Evolutionary biologist

John R. Stinchcombe (born 1974) is an American and Canadian ecological geneticist who is a professor of ecology and evolutionary biology at the University of Toronto. His research is on the ecology of natural selection, and the role of genetics in facilitating or constraining evolution, focusing almost exclusively on plants.

== Early life and education ==
Stinchcombe grew up in Syracuse, NY, USA, in an outdoors-loving family. He was an undergraduate at Bucknell University, graduating in 1996. He then spent a summer working for the National Marine Fisheries Service, in Washington, D.C., before starting his Ph.D. at Duke University in 1996. He started in the Zoology Department, and finished his PhD in 2001 in the Biology Department, with a Certificate in Ecology.

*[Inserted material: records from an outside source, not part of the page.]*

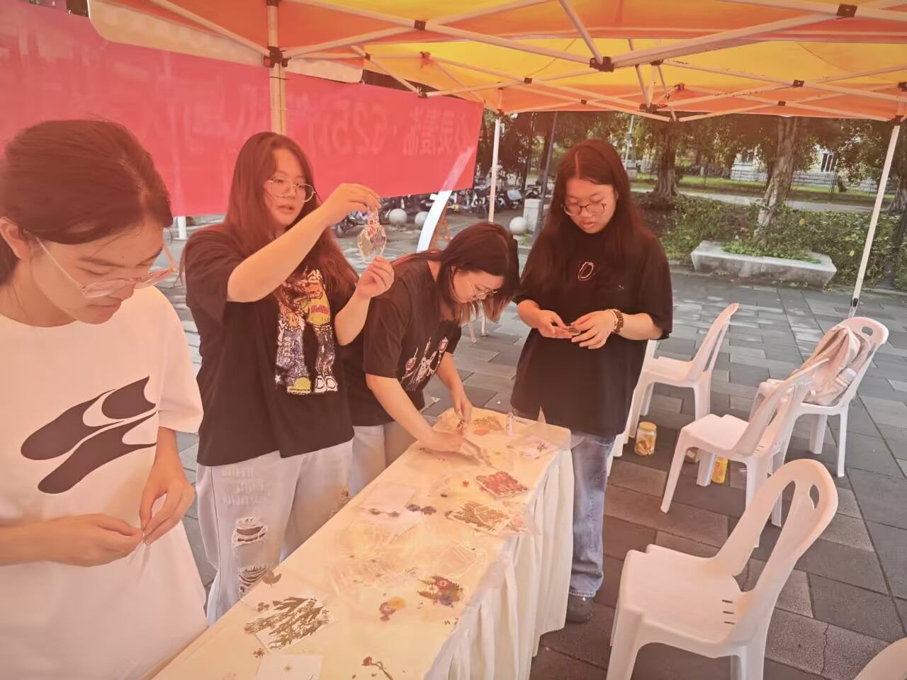 “自然之语,心灵之花——制作创意书签”活动中,同学们围坐在一张张铺满了透明贴、瓶子和各类配饰的桌子旁,空气中弥漫着淡淡的花香和树叶的清新气息。这里充满了自然的生机与手工的温暖,仿佛是一个可以释放压力、激发创造力的小天地。大家小心翼翼地挑选着自己喜欢的树叶和鲜花,进行简单的处理和组合。然后,用透明贴将这些自然元素固定,制作成独特的书签。在这个过程中,同学们的脸上洋溢着专注与喜悦。随着一个个创意书签的完成,整个活动现场仿佛被温暖的氛围包围。这些小小的书签,不仅承载着同学们的创意和心意,更增添了一份阅读的趣味。
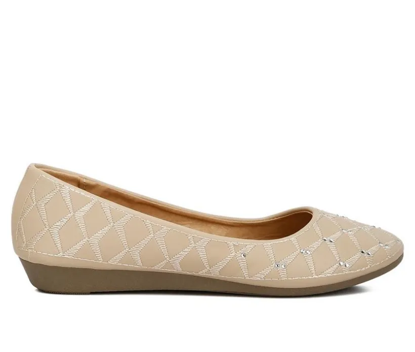 Whether you’re dressing up for a special occasion or looking for comfortable and stylish everyday footwear, these ballerinas are a perfect choice. Their combination of faux leather, cushioned insoles, and beautiful embellishments makes them a versatile addition to your shoe collection.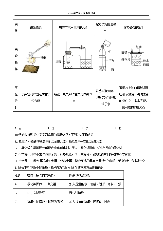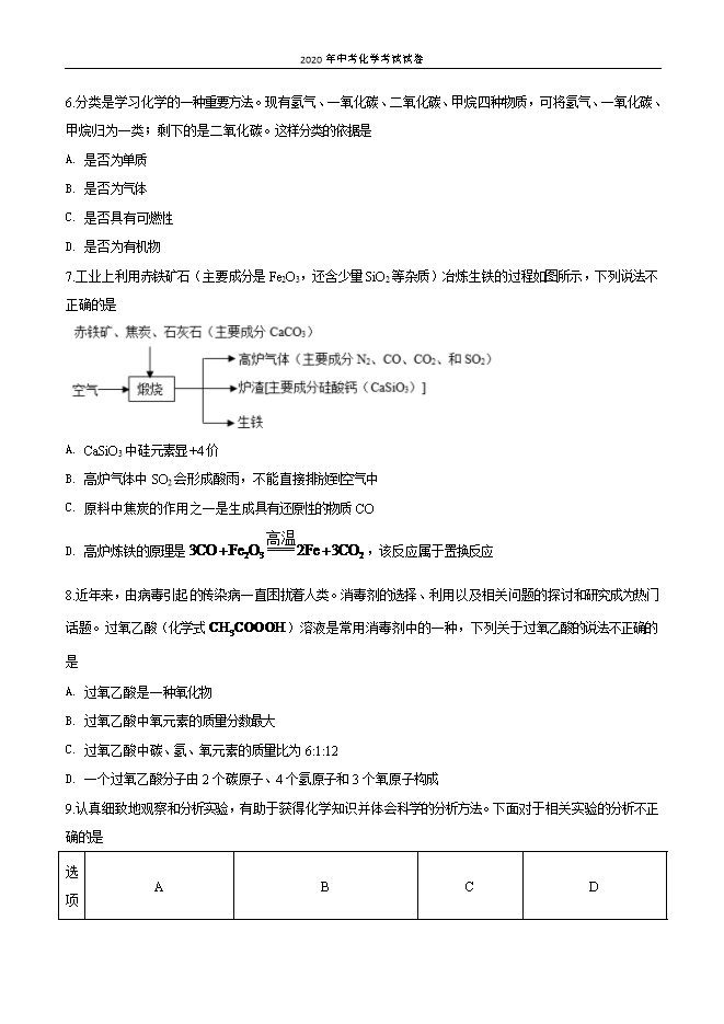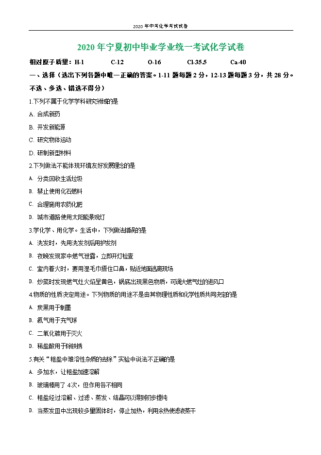 宁夏2020年初中毕业学业统一考试化学试卷(原卷版)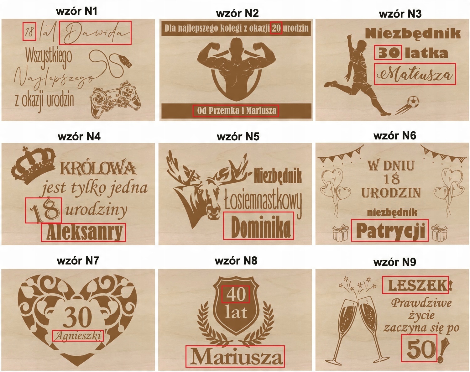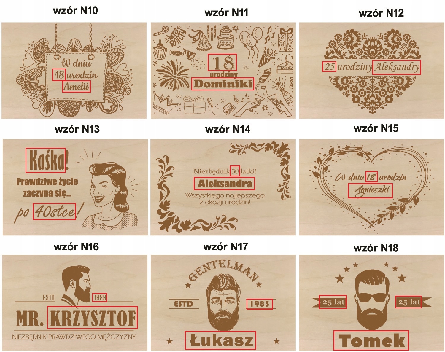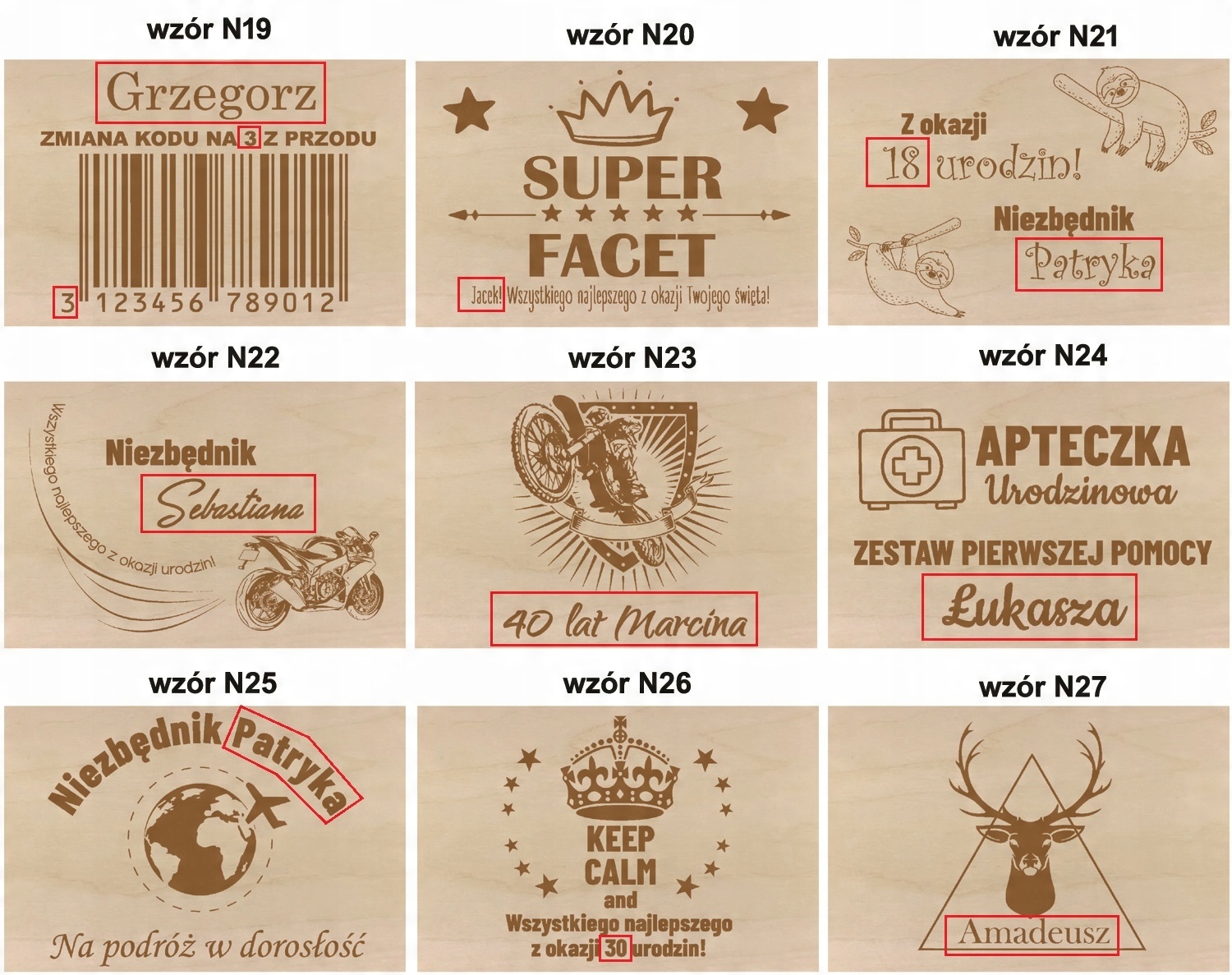 Кришка коробки прикрашена гравіюваннямз іменем/віком одержувача.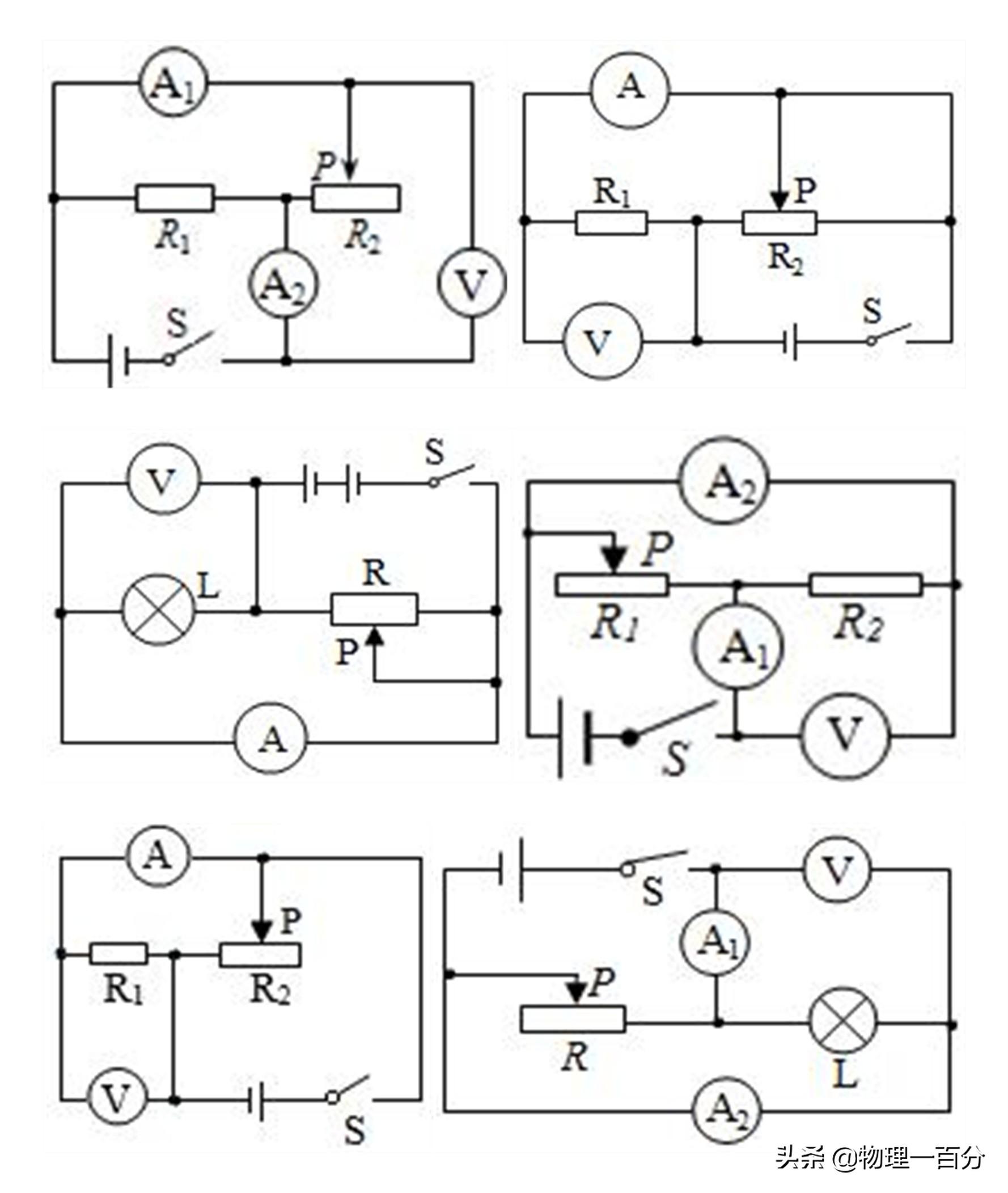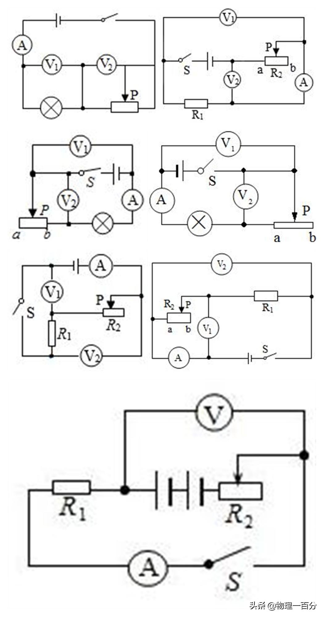 如上面这七个图,全部都是历年中考物理题中的插图,我们根本不需要看原题,只需要看这些图,就能想得出来所要考查的知识,因为,关于此类题,我们只要把串联的电路全部放在一起,就能在最短时间内归纳出此类题做法,从而做到彻底避免犯错!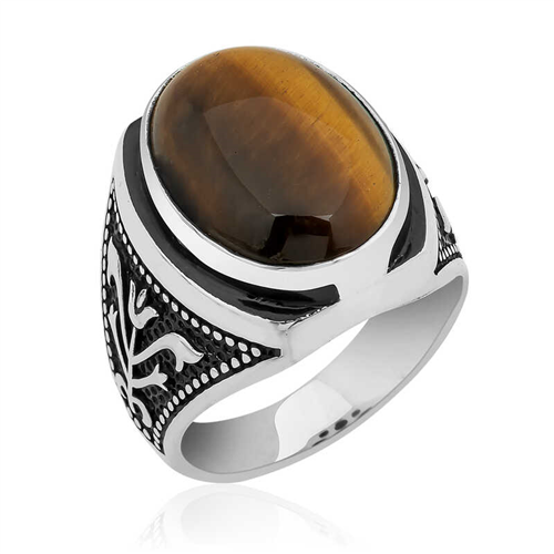 Tiger's Eye Ring with Silver Tulip InlayTiger's eye is a precious stone belonging to the Chalcedony group, which is a subspecies of Crystal Quartz. It takes its name from its distinctive color tones resembling those of a tiger's eyes. It has linear tones described as golden or honey-colored. Its iridescent and silky appearance is one of the features that make tiger's eye unique. Also described as the “stone of lovers,” tiger's eye is a stone that appeals to emotions. Among precious stones, it is one of the most prominent with its “protective” properties. It is also known to change color according to the wearer's movements or mood. You can choose this stylish ring for yourself or your loved ones on their birthdays, Father's Day or on special occasions. This stylish ring is made of 925 sterling silver. The silver is oxidized. Rings with oxidized coating achieve an authentic look. As with all men's rings, the silver tulip-inlaid tiger's eye stone men's ring is also handmade. Due to silver and precious stones, there may be a ± 10% deviation from the average product weight.Width: 1.50 cm.Length: 2.00 cm.Average Weight: 15.00 gr.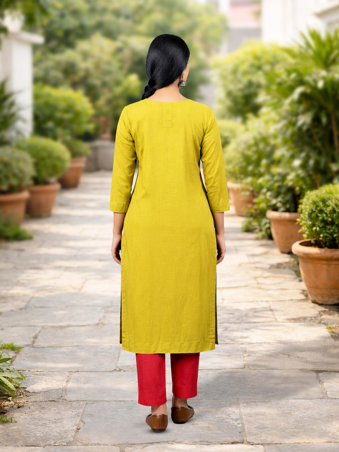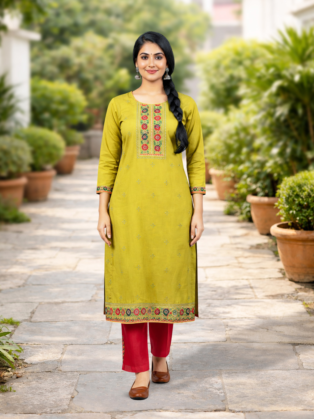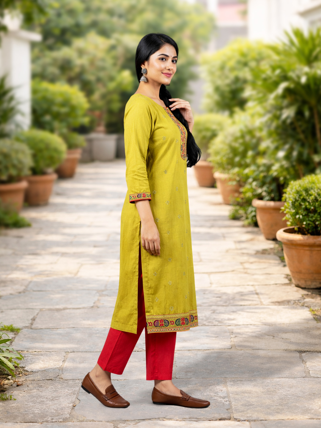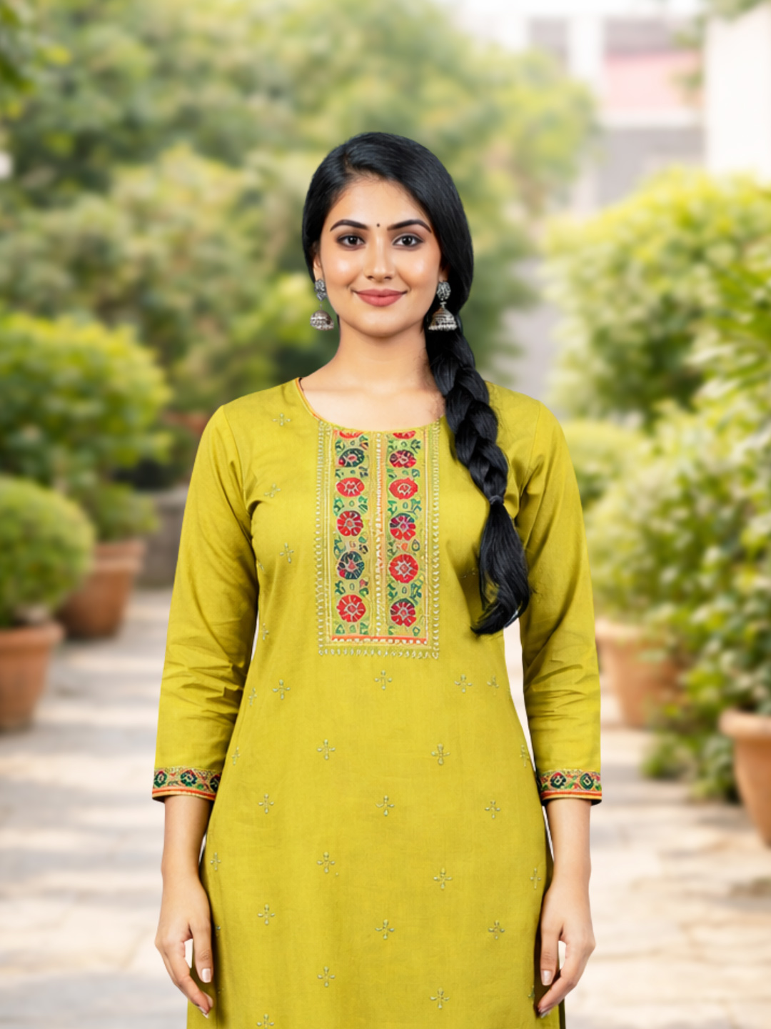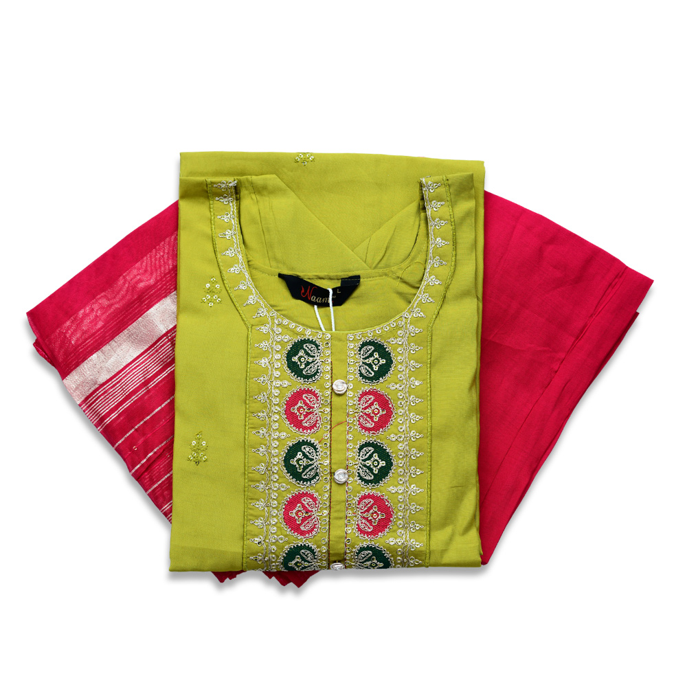 Bring out your inner glow with this elegant embroidered suit set. The intricate detailing on the neckline, hem, and sleeves enhances its festive appeal, while the straight-cut design offers a relaxed yet stylish fit. Perfect for celebrations and cultural occasions.

His PhD research was on the evolution of resistance and tolerance to herbivory in the Ivyleaf morning glory (Ipomoea hederacea). Stinchcombe's post-doctoral work was at Brown University, working with Johanna Schmitt. His work there was on flowering time clines and genetics in mouse ear cress (Arabidopsis thaliana), as well as growth plasticity in touch-me-nots (Impatiens capensis).

== Research and career ==
Stinchcombe started a faculty position at the University of Toronto in 2005, in the Botany Department, and joined the Department of Ecology and Evolutionary Biology at its creation.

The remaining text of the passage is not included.